Pagode Branco é também uma figura central no filme “A Torre Sem Sombra” do cineasta chinês Zhang Lu, que retrata Pequim com uma rara ternura e admiração. Além disso, o pagode serve como uma poderosa metáfora para um momento decisivo na vida, aquele instante em que passado e futuro parecem pesar igualmente, deixando-nos desorientados e sem direção, assim como quando o sol está a pino e não se vê sombra alguma.
Gu Wentong (interpretado por Xin Baiqing), um crítico gastronômico de moderado sucesso e pai ocasional de Smiley (Wang Yiwen), uma menina alegre e inteligente, encontra-se nesse exato ponto de inflexão. Residente de longa data em Pequim, Gu é um pai amoroso, embora distante, e sua filha é cuidada principalmente por sua irmã Wenhui (Li Qinqin) e pelo marido dela, Li Jun (Wang Hongwei). Gu, que também é um escritor com uma paixão não correspondida pela poesia, está divorciado da mãe de Smiley e recentemente perdeu a própria mãe. Seu passado é marcado por uma tragédia familiar: aos cinco anos, seu pai foi acusado de um crime sexual em um ônibus público, e desde então, após ser expulso de casa pela mãe, Gu não teve mais contato com ele.

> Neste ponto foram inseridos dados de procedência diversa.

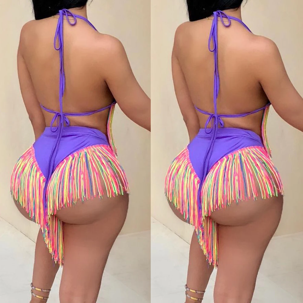 Женский раздельный купальник с бахромой, бикини с лямкой на шее и в...

Esses eventos do passado são como sombras que persistem em nossas vidas, influenciando nossos comportamentos e ações. São os hábitos que adotamos de nossos pais ou os gestos que, sem perceber, imitamos e que agora fazem parte de quem somos. Gu observa uma mulher praticando uma técnica de relaxamento ao massagear os lóbulos das orelhas em um ônibus, e isso o faz refletir sobre as marcas invisíveis que carregamos conosco.